Do inhalers stop coughing?

Have you ever had a cough that just won’t go away? You know the one, where every time someone asks if you’re feeling better, you have to say “nope, still coughing up a lung.” Well fear not my fellow phlegm sufferers because today we are going to dive into the question of whether or not inhalers actually stop coughing. Spoiler alert: they do.

What is an Inhaler?

Let’s start with the basics. An inhaler is a medical device that delivers medication directly to your lungs in order to treat conditions such as asthma, COPD (chronic obstructive pulmonary disease), and bronchitis. The most common type of inhaler is called a metered-dose inhaler which works by delivering a small amount of medication in the form of a mist or spray with each puff.

How does an Inhaler Stop Coughing?

So, how exactly does an inhaler help curb that pesky cough? Essentially it all boils down to inflammation. When your airways become inflamed due to illness or other factors such as allergies, mucus production increases causing irritation and ultimately leading to…you guessed it, coughing. Inhaled medications delivered via an inhaler work by reducing this inflammation and helping open up those airways allowing for easier breathing.

Types of Medications Found in Inhalers

Okay so we’ve established that inhaling medication can be helpful when treating respiratory issues but what types of medication are found in these magical devices? Let’s take a look at three common types:


Bronchodilators are medications found in many types of inhalers including rescue inhalers such as Albuterol which focus on quickly opening up airways during asthma attacks. They work by relaxing muscles around narrowed air passages making it easier for oxygen to flow through and reducing symptoms such as coughing, wheezing and shortness of breath.


Another type of medication found in inhalers is steroids. No, not the kind that beef up your muscles but rather corticosteroids which are anti-inflammatory medications used to treat chronic respiratory conditions such as COPD or asthma. They work by reducing inflammation along the lung lining preventing excess mucus build-up and ultimately curbing coughing.


Finally, anticholinergic drugs like Atrovent are often prescribed for individuals with COPD or emphysema due to their ability to help relax muscles around air passages resulting in less coughing and easier breathing.
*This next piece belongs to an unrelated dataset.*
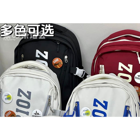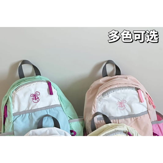 Laptop-Rucksack aus Nylon mit Schriftzug-Print und Cartoon-Stickerei / Taschenanhänger / Set

Common Misconceptions About Inhalers

Now that we’ve established how helpful inhalers can be let’s debunk some common misconceptions about them:

Inhalers Are Addictive

Contrary to popular belief inhaling medication via an inhaler will NOT result in any type of addiction or dependence. In fact, using a rescue inhaler too much could actually indicate that an individual needs better control over their underlying respiratory condition and may require additional treatment options.

Only Asthma Patients Need Inhalers

This myth couldn’t be further from the truth! While it’s true that individuals with asthma rely heavily on inhalers many other respiratory conditions including COPD, bronchitis, pneumonia etc…can greatly benefit from regular use of these medical devices.

Final Thoughts

In summary: Yes folks inhalers do stop coughing thanks to their ability to reduce inflammation within those pesky little airways making it much easier for oxygen to flow through leading you towards feeling more comfortable when attempting to breathe.